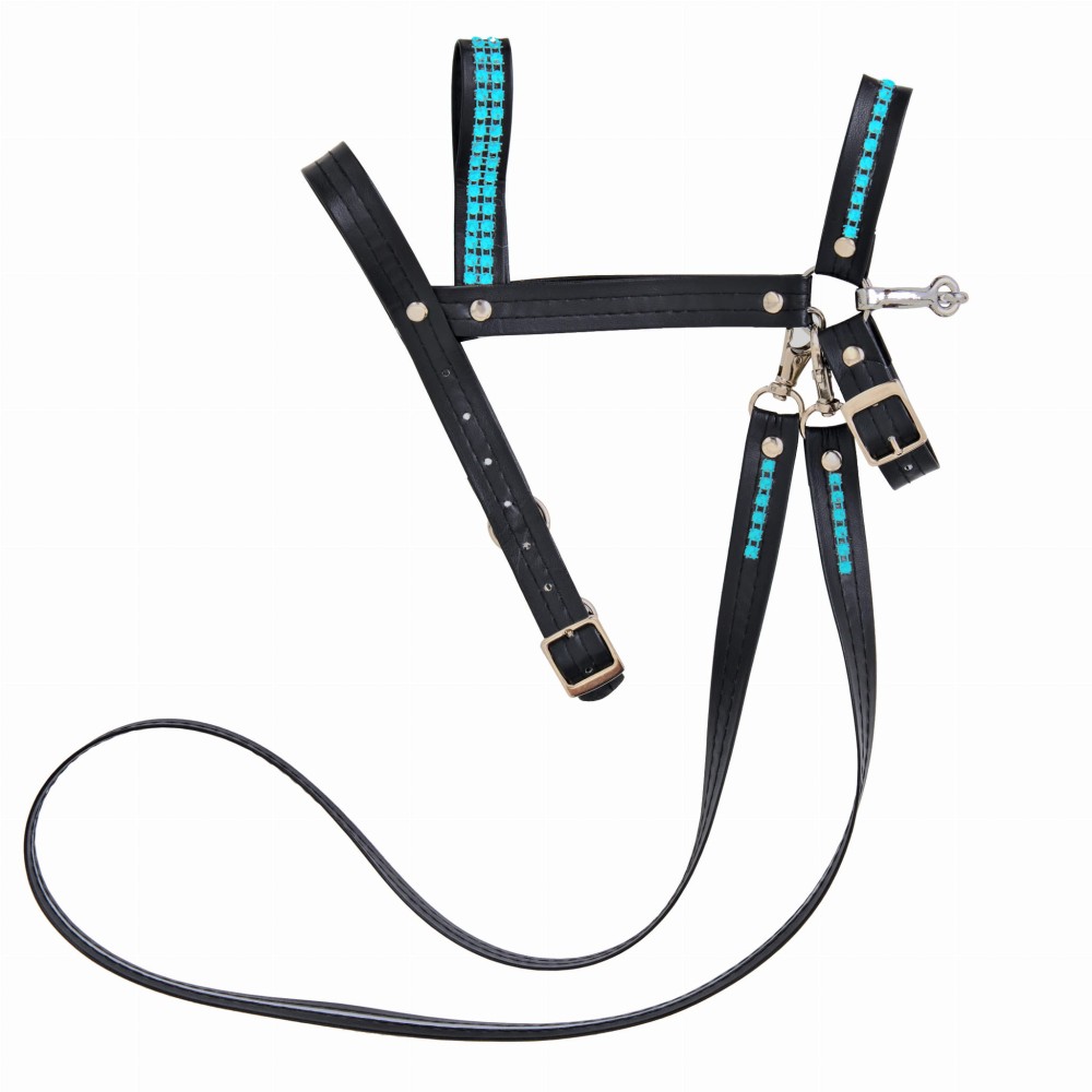 Ogłowie regulowane z wędzidłem wykonane z taśmy z ekoskóry w komplecie z wodzami, ozdobione cyrkoniami.
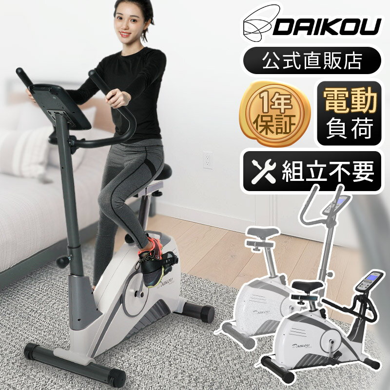 フィットネスバイク 家庭用 組立不要モデル 連続使用 60分 身長 150cmから 静音 エアロ マグネット式負荷 電動16段階調整 アップライトバイク 立ち漕ぎ ダイエット器具 美脚 ながらトレーニング 有酸素運動 ダイコー DK-8702P
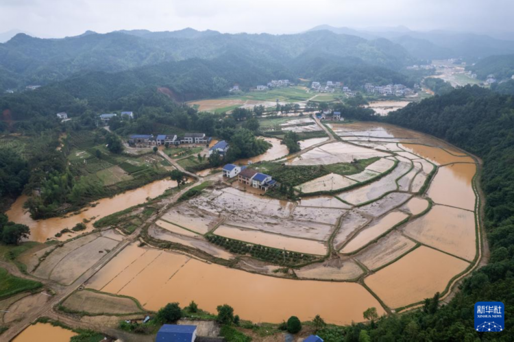 这是7月2日在平江县三市镇淡江村拍摄的受灾现场(无人机照片)。

========================================================================

### [Task objective]
Give back every line of the material above word for word, leaving out the pictures.

### [Answer section]
 Ogłowie regulowane z wędzidłem wykonane z taśmy z ekoskóry w komplecie z wodzami, ozdobione cyrkoniami.
 フィットネスバイク 家庭用 組立不要モデル 連続使用 60分 身長 150cmから 静音 エアロ マグネット式負荷 電動16段階調整 アップライトバイク 立ち漕ぎ ダイエット器具 美脚 ながらトレーニング 有酸素運動 ダイコー DK-8702P
 这是7月2日在平江县三市镇淡江村拍摄的受灾现场(无人机照片)。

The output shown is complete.